Bernstein analysts released a positive initiation report on Figure Technology (FIGR) Monday, arguing the stock presents significant upside from its present valuation.
Figure Technology Solutions, Inc. Class A Common Stock, FIGR
The firm established an “Outperform” rating with a $67 price objective — representing roughly 109% potential appreciation from the stock’s current ~$32 level.
The investment thesis for Figure centers primarily on accelerating loan production metrics that have demonstrated consistent momentum. March delivered $1.2 billion in originated loans, a substantial 33% sequential increase from February and marking the company’s first instance of monthly volume exceeding $1 billion.
First quarter results showed total originations of $2.9 billion, more than doubling the comparable year-ago figure. This performance proved particularly noteworthy given that Q1 traditionally represents a softer period for home equity line of credit activity.
Current trajectory suggests Figure is operating at approximately $12 billion in annualized loan production.
The firm specializes in home equity lines of credit, enabling homeowners to access equity in their properties at interest rates typically below those available through unsecured lending products. Figure processes these transactions via the Provenance blockchain network, claiming cost savings of 117 basis points per loan relative to conventional lending operations.
Blockchain Technology Drives Competitive Advantage
The blockchain foundation represents a crucial element of Bernstein’s investment case.

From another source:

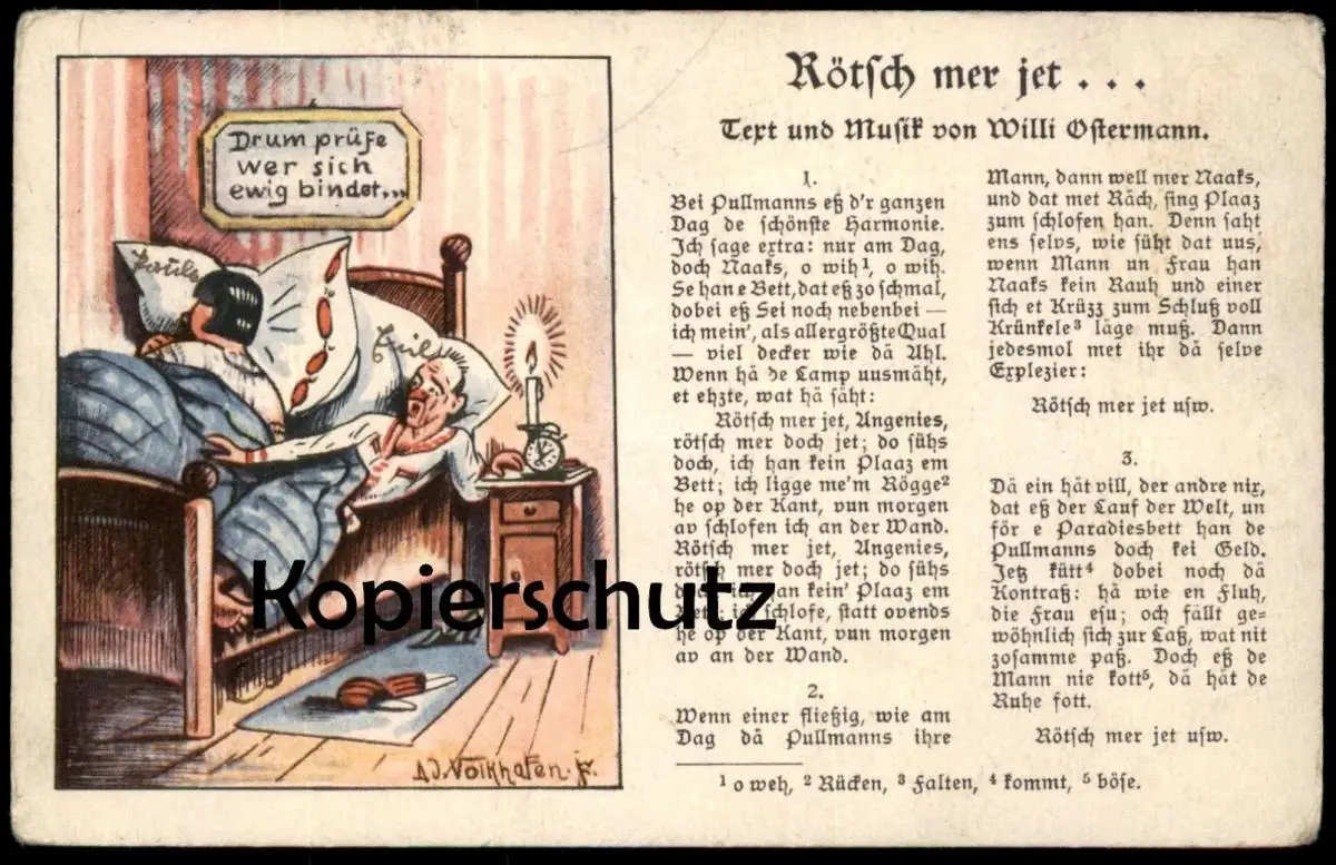 ALTE POSTKARTE RÖTSCH MER JET... EHE EHEBETT KÖLNER LIEDART KÖLN WILLI OSTERMANN sign. Völkhafen Ansichtskarte postcard

Figure extends beyond simple lending operations — the company maintains a tokenized credit exchange and has introduced YLDS, a stablecoin product integrated into its broader financial services ecosystem.
Analysts assign the business a valuation multiple of approximately 25 times forecasted 2027 EBITDA. This premium positioning relative to typical digital asset company multiples acknowledges Figure’s hybrid business model combining tokenization infrastructure with established lending operations.
According to the research report, expansion has been driven by increasing consumer borrowing appetite and a growing network of strategic partnerships.
Share Price Lags Operational Performance
The disconnect between operational execution and market performance remains pronounced. FIGR shares have declined over 20% year-to-date, caught in broader selloff pressure affecting digital asset-exposed equities.
The stock has also failed to gain traction following its September Nasdaq listing, which assigned the company an initial valuation near $800 million.
Fourth quarter results demonstrated revenue and earnings expansion, though profitability metrics fell short of analyst consensus — a shortfall that continues to weigh on investor sentiment.
Bernstein acknowledges material risk factors. HELOC origination volume exhibits sensitivity to mortgage refinancing dynamics, creating vulnerability to interest rate fluctuations. Additionally, the private credit sector, which represents a critical growth channel for Figure, has experienced emerging stress signals.
The $2.9 billion in Q1 originations establishes a new quarterly record for the company.